Chakwal Municipal Committee has also expressed its inability to take over the project as it lacks manpower and other resources.

The project, which was initially approved with an estimated cost of Rs572.103 million in 2014, has now been revised to Rs1,375 million.

Due to the delay, the water scarcity in the city is getting intensified as the water table in many localities has depleted to alarming levels.

Mega water supply project for Chakwal was launched in 2014

According to Public Health and Engineering Department (PHE), the city needs nine cusecs of water but it is hardly getting five cusecs.

“The countless water bores in the city have badly decreased the water table. Few years ago, water was found 100 feet below the surface but now we have to sink more than 400 feet water bore,” said Mohammad Amjad, a bore drilling operator. The commercial use of potable water is also adding to the water scarcity. Many local companies are selling potable water not only in Chakwal but also out of the district.

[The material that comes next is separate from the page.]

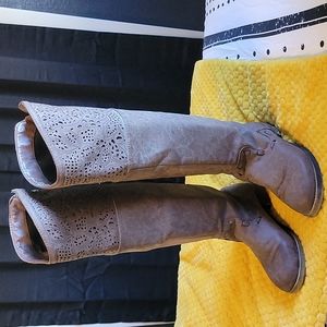 Jellypop boots, used, in good shape, some wear on soles. No stains or rips. These boots get a lot of comments! They are knee high. Color is light brownish/taupe.

Moreover, turbines installed to irrigate crops in the vicinity of the city are also playing their part in increasing the water woes of the citizens.

Former chief minister Shahbaz Sharif had promised to end the water woes of Chakwal city during his electioneering in May 2013 when he addressed a public rally in Chakwal. After becoming the chief minister, he approved the water supply scheme on the recommendation of late MPA Chaudhry Liaquat Ali Khan and his wife Iffat Liaquat, who was MNA.

The project was to be completed at a cost of Rs572.103 million. Under the urban water supply scheme, six cusec water was supposed to be supplied to Chakwal city, two cusecs from Khai Dam and four cusecs from tubewells to be dug in the outskirts of Khai, Bhoiun and Shamsabad villages.

But the residents of these villages filed a writ petition in Lahore High Court (LHC), pleading that tubewells would cause water shortage in their villages.

The LHC refrained PHE from digging wells and directed it to take alternative steps. PHE revised its plan and chose Dhrabi Dam for getting four cusecs of water.

As the Dharabi Dam was far away from the proposed tubewells site, the cost of the project was also increased to Rs1,018.16 million.

Work was started in May 2014 but so far PHE could do only 34pc of the task as it has only managed to supply two cusecs of water to the city from Khai Dam.

Nothing has been done yet to get four cusecs of water from Dharabi Dam. Due to the lingering project, the cost has also been further increased to Rs1,375 million but the revised cost estimate is yet to be approved by Planning and Development Board.

“We are facing hurdles as MC is not ready to take over the project once it is completed. The no-objection certificate from MC is required for the approval of the revised cost estimate,” PHE Executive Engineer Shafqat Ali told Dawn.

A letter written by the chief officer of MC said it could only run the scheme if it is provided 16 workers and financial assistance.

“This is not the job of PHE to recruit employees for another public sector department nor is it our domain to provide financial assistance to any other department”, said Mr Ali.